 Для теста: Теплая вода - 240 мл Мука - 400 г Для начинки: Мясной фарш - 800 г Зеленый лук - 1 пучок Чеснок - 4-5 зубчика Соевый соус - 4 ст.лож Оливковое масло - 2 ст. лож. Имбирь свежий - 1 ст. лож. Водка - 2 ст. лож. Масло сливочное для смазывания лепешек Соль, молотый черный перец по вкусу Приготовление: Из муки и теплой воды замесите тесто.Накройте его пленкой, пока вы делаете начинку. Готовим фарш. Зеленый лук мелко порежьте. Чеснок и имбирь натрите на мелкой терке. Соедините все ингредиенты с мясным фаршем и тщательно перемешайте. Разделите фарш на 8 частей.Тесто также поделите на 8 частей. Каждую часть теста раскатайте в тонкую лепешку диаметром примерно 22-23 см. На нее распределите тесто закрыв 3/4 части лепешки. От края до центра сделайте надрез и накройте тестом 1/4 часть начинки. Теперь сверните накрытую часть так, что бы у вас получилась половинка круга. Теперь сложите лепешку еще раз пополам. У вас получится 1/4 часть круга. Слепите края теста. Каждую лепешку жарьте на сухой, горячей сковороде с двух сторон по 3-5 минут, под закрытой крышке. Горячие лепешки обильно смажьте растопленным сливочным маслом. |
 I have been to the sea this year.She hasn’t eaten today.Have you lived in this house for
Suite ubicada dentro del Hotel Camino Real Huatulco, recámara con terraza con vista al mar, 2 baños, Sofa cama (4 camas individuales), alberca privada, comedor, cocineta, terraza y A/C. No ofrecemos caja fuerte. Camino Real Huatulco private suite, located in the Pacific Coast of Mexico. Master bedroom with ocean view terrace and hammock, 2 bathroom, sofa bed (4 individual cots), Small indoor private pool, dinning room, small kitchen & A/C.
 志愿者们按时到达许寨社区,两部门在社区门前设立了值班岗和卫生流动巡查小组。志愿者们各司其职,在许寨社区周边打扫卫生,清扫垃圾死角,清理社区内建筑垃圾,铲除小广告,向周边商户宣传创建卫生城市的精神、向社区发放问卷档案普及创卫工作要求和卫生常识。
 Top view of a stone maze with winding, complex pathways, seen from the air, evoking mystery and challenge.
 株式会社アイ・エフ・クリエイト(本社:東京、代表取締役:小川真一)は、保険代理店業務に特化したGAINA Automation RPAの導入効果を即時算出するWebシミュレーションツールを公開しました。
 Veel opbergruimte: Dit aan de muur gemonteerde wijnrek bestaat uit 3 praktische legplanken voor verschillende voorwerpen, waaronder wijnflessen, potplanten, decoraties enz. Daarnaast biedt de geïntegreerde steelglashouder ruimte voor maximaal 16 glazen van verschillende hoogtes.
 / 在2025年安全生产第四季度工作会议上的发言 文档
━━━━━━
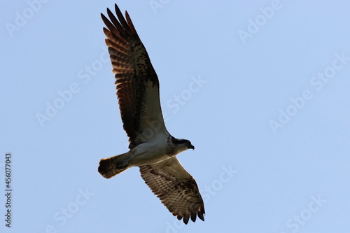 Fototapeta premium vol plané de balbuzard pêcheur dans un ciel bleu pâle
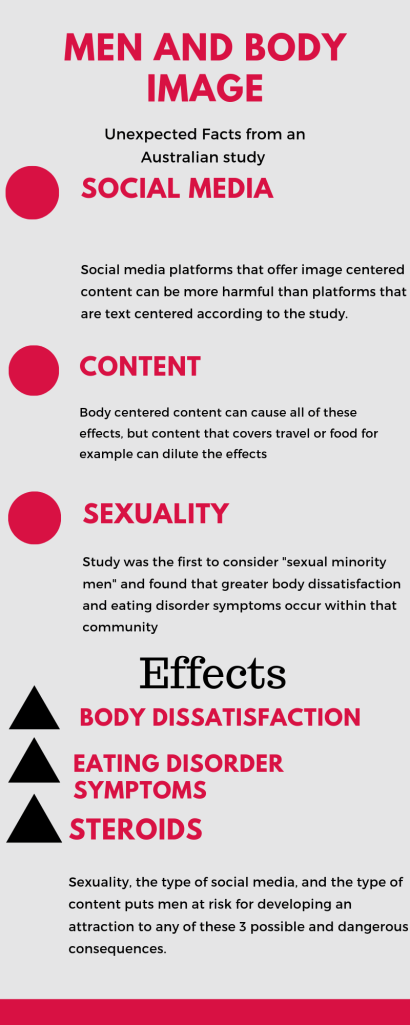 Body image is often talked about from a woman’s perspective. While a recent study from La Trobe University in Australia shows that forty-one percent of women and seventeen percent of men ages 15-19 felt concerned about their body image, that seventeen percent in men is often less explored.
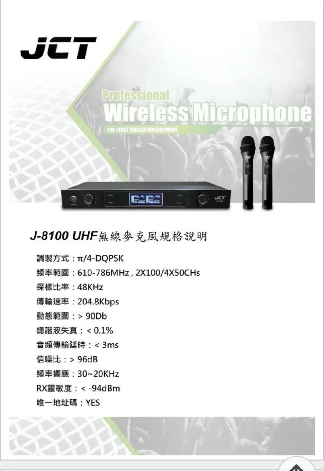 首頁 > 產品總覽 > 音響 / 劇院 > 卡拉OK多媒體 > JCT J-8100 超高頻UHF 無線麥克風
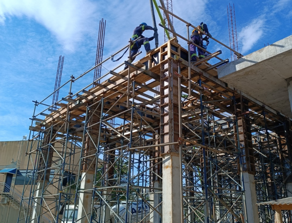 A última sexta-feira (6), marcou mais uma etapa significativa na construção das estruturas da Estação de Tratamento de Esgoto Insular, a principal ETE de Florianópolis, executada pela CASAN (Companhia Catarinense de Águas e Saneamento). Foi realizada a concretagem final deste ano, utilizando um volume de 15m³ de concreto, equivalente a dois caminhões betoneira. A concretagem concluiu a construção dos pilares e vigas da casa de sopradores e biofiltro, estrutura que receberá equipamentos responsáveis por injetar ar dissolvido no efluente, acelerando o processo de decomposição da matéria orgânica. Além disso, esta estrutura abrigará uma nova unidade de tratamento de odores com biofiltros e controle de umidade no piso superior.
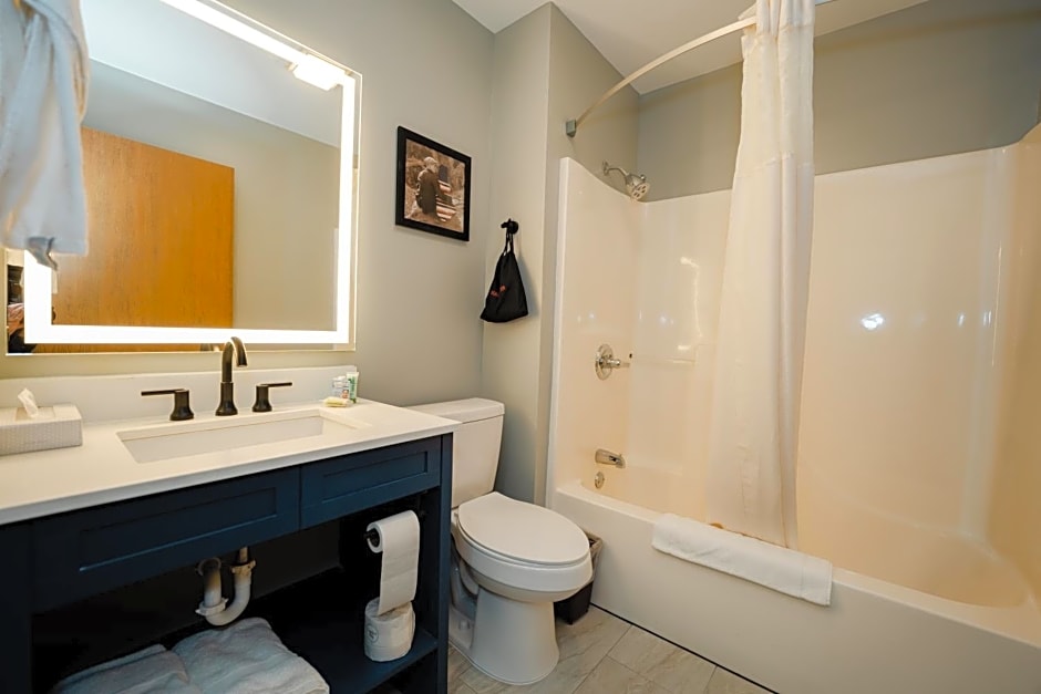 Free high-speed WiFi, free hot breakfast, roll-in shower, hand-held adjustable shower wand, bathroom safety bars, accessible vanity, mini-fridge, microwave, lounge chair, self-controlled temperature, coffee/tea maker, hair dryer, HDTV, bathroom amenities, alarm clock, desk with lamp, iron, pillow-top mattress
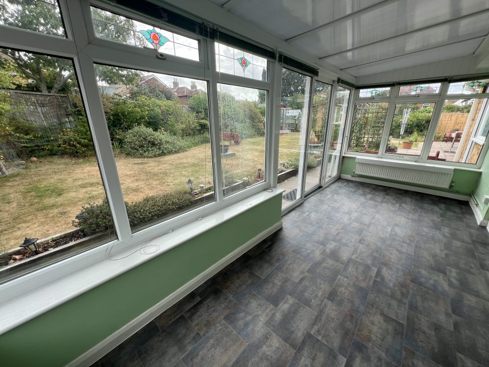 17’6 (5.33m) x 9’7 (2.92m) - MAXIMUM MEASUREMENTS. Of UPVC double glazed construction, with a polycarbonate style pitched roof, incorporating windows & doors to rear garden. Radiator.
━━━━━━
§ TASK TO COMPLETE: Apply a filter to the listing above so that only lines with "view" are kept, and copy those lines.

§ RESPONSE AREA:
Suite ubicada dentro del Hotel Camino Real Huatulco, recámara con terraza con vista al mar, 2 baños, Sofa cama (4 camas individuales), alberca privada, comedor, cocineta, terraza y A/C. No ofrecemos caja fuerte. Camino Real Huatulco private suite, located in the Pacific Coast of Mexico. Master bedroom with ocean view terrace and hammock, 2 bathroom, sofa bed (4 individual cots), Small indoor private pool, dinning room, small kitchen & A/C.
 Top view of a stone maze with winding, complex pathways, seen from the air, evoking mystery and challenge.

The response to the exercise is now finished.